This study has been completed.
Information provided by:
Medical University of Graz Identifier:
First received: October 24, 2007
Last updated: September 29, 2009
Last verified: September 2009
Polymorphic light eruption (PLE) is a common photodermatosis characterized by the appearance of itching, erythema, papules or vesicles on sun-exposed skin. Though etiology is unclear it is hypothesized that it is an abnormal immune response to autologous antigens generated by ultraviolet radiation (UVR). This randomized, double blinded left-right body side experimental comparison study was designed to assess the preventive effect of a sunscreen and topical DNA repair enzyme-containing after-sun lotion in PLE.

Condition Intervention
Polymorphic Light Eruption
Other: After-sun-lotion with DNA repair enzymes
Other: SPF30 sunscreen
Other: Placebo after-sun-lotion
Other: Intervention: none (only UV)

Study Type: Interventional
Study Design: Allocation: Randomized
Intervention Model: Parallel Assignment
Masking: Double Blind (Participant, Investigator, Outcomes Assessor)
Primary Purpose: Prevention
Official Title: The Efficacy of a Sunscreen With SPF30 and a After-sun-lotion in the Prevention of Polymorphic Light Eruption

Resource links provided by NLM:

Further study details as provided by Medical University of Graz:

Primary Outcome Measures:
  • Occurrence of symptoms of polymorphic light eruption [ Time Frame: Prospective ]

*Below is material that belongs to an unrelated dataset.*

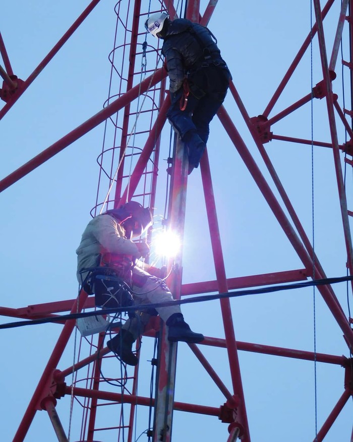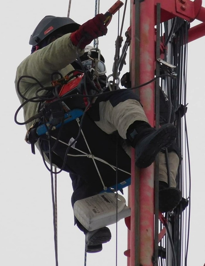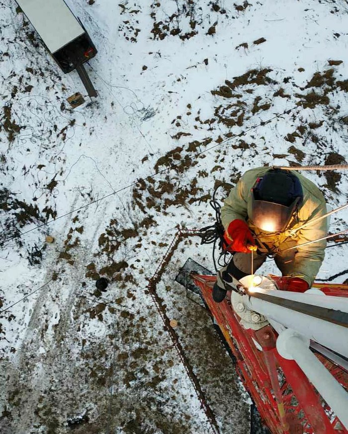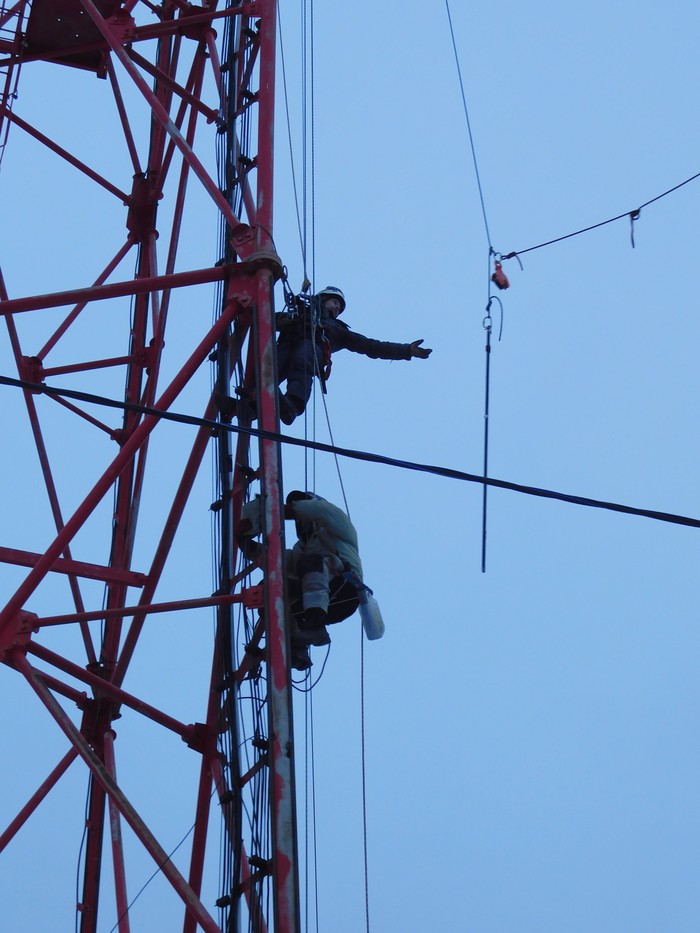 Сделать всю работу по стволу мачты за 1 день мы не успевали, и знали это заранее, потому что уже бывали на таком же объекте. Поэтому просто намеревались сделать сколько успеем до захода солнца. Сделали 250 метров, остались нижние 100.
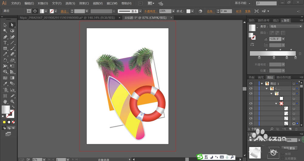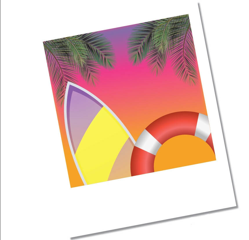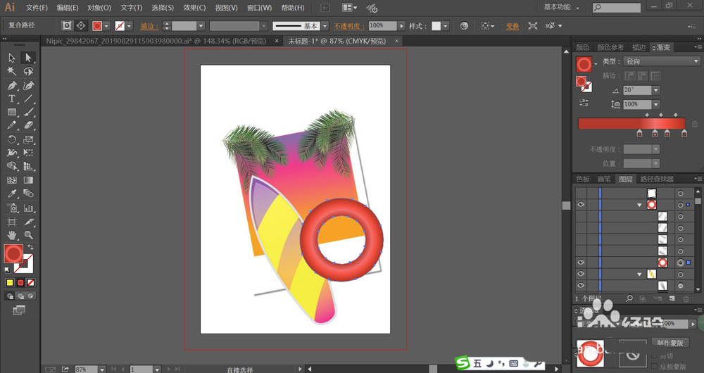 7、最后,我们用圆形工具画出救生圈的形状再用红色的渐变填充,接着,我们用灰白色的渐变填充救生圈上面的图案,让所有的照片元素成为一个组合,再画出一个照片同样大小的路径,用这个路径与照片组合进行剪切蒙版的操作,从而完成风景照片设计。

Secondary Outcome Measures:
  • Pruritus [ Time Frame: Prospective ]
  • Skin infiltration [ Time Frame: prospective ]
  • Area affected [ Time Frame: prospective ]
  • Erythema [ Time Frame: prospective ]
  • Tanning [ Time Frame: Prospective ]

Enrollment: 14
Study Start Date: February 2004
Study Completion Date: August 2006
Primary Completion Date: June 2004 (Final data collection date for primary outcome measure)
Intervention Details:
    Other: After-sun-lotion with DNA repair enzymes
    2 mg/cm2 immediately after UV exposure
    Other Name: Proprietary after-sun lotion (Ateia Inc.)
    Other: SPF30 sunscreen
    2 mg/cm2 2o min before UV exposure
    Other Name: SPF30 sunscreen (Ateia Inc.)
    Other: Placebo after-sun-lotion
    2mg/cm2 immediately after UV exposure
    Other Name: Proprietary after sun lotion vehicle (Ateia Inc.)
    Other: Intervention: none (only UV)
    Other Name: n.a.
Detailed Description:
A SPF 30 sunscreen (containing chemical and physical UV filters), an after-sun lotion containing liposomal encapsulated micrococcus luteus lysate with endonuclease activity and photolyase (active AS), and an after-sun placebo formulation (containing no DNA repair enzymes) (placebo AS) has been used in this study. Fourteen PLE patients were enrolled. On day 1, the individual minimal erythema dose (MED) was assessed on patients' buttock skin by exposure to a test ladder of solar-simulated UVR (xenon arc source, Oriel Corp. Darmstadt, Germany). From day 2 to 5, 0.75 individual MED exposures (increased by 0 to 25% per exposure, depending on the erythema response to a preceding dose) were given to a total of four 5-by-5 cm skin test fields on symmetrically located, individual PLE predilection sites on the trunk or extremities. The test fields were treated in randomized and double-blinded fashion either with SPF30 sunscreen 20 min before UVR exposure, active AS or placebo AS (all creams at a concentration of 2mg/cm2) immediately after UVR exposure, or left untreated. Sixty minutes after UVR exposure all test areas were treated with visible light (400 to 450nm, 5J/cm2) to activate the light dependent photolyase DNA repair mechanism. The photo test procedure led to the appearance of PLE symptoms in unprotected test fields of 12/14 (86%) patients, active AS-treated test fields of 6/14 (43%) patients (p<0.05), placebo AS-treated test fields of 10/14 (71%) patients (p, ns), and no (0%) sunscreen-protected test fields of any patient (p<0.0001 vs. unprotected test fields, Fisher exact test). These results provide evidence that i) DNA damage is a trigger of PLE, ii) increasing DNA repair can prevent induction of PLE symptoms, and iii) the use of sun care preparations containing DNA repair enzymes may be clinically useful for PLE patients.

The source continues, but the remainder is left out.